▶ Task to complete
As the lines appear below, please set them down exactly, starting at the first and finishing with the one containing "Looking for something".

▶ Supplied records

● ● ●

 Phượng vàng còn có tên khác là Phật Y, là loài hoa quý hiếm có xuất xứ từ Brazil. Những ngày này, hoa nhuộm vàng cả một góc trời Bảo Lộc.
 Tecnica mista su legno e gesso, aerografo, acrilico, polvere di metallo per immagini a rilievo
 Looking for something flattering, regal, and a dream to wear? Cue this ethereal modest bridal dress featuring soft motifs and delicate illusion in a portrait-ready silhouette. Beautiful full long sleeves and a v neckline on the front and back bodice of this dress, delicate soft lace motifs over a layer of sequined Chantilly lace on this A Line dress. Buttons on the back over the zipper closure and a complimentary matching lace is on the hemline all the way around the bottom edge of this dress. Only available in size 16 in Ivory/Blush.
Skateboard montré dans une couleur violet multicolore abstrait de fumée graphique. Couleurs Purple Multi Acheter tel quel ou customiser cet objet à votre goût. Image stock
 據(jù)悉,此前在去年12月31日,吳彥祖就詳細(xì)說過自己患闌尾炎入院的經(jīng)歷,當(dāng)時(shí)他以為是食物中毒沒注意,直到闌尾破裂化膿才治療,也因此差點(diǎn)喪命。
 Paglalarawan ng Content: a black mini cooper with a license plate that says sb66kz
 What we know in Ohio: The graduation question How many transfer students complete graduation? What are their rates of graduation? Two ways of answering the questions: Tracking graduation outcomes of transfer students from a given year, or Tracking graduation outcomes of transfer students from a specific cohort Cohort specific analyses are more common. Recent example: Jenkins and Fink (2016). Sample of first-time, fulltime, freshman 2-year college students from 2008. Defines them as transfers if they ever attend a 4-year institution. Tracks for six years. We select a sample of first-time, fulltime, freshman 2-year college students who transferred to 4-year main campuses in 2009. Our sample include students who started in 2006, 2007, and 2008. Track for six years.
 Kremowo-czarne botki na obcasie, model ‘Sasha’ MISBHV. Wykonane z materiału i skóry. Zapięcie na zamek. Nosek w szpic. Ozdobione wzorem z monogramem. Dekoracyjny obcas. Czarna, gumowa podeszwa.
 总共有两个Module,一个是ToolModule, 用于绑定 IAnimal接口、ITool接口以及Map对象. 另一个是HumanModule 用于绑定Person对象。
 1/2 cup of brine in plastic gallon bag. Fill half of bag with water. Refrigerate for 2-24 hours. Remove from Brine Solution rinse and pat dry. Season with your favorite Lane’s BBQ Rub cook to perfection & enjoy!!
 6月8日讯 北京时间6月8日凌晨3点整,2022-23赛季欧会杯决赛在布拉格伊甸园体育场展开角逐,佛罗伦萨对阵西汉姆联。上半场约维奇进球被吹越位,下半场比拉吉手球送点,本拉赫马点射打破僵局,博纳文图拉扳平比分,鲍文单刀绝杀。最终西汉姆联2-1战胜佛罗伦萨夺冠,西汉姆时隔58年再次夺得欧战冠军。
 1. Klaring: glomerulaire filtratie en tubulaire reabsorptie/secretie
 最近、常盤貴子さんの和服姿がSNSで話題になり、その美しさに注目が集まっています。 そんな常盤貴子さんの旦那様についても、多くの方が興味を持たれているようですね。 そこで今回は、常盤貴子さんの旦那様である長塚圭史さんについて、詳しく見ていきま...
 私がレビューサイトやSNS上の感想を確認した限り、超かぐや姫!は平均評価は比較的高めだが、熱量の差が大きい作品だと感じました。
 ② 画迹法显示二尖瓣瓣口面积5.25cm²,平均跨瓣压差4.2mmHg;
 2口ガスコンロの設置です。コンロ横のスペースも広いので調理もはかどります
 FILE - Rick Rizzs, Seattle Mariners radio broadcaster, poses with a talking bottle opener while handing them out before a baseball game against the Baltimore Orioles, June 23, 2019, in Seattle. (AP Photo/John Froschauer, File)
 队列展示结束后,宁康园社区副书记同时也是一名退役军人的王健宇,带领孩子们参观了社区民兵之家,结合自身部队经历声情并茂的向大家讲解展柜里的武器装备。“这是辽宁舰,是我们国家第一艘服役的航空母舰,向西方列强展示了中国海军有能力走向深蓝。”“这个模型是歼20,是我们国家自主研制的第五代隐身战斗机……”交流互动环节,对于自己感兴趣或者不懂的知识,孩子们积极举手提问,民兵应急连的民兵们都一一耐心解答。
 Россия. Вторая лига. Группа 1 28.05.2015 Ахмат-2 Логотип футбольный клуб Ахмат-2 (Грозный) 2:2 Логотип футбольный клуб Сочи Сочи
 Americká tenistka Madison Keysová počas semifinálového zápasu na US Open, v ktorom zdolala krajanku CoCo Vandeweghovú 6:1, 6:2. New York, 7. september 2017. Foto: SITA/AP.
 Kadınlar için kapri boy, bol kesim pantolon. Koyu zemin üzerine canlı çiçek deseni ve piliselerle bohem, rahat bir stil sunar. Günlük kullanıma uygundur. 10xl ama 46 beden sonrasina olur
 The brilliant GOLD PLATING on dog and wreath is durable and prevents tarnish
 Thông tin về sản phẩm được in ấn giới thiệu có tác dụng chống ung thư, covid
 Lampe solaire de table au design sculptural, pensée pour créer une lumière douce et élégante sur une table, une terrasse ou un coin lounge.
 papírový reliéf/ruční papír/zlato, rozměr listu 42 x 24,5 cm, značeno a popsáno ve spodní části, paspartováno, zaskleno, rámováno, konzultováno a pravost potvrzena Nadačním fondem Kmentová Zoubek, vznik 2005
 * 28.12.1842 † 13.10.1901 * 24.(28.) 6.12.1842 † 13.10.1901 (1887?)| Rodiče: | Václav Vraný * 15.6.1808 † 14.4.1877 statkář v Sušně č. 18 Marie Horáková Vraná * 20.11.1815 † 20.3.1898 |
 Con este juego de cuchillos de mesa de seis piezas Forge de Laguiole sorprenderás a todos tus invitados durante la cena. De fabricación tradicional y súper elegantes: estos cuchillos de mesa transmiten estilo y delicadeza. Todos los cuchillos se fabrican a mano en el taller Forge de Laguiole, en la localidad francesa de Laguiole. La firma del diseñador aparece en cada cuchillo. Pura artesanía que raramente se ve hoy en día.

● ● ●

▶ Result of the exercise
 Phượng vàng còn có tên khác là Phật Y, là loài hoa quý hiếm có xuất xứ từ Brazil. Những ngày này, hoa nhuộm vàng cả một góc trời Bảo Lộc.
 Tecnica mista su legno e gesso, aerografo, acrilico, polvere di metallo per immagini a rilievo
 Looking for something flattering, regal, and a dream to wear? Cue this ethereal modest bridal dress featuring soft motifs and delicate illusion in a portrait-ready silhouette. Beautiful full long sleeves and a v neckline on the front and back bodice of this dress, delicate soft lace motifs over a layer of sequined Chantilly lace on this A Line dress. Buttons on the back over the zipper closure and a complimentary matching lace is on the hemline all the way around the bottom edge of this dress. Only available in size 16 in Ivory/Blush.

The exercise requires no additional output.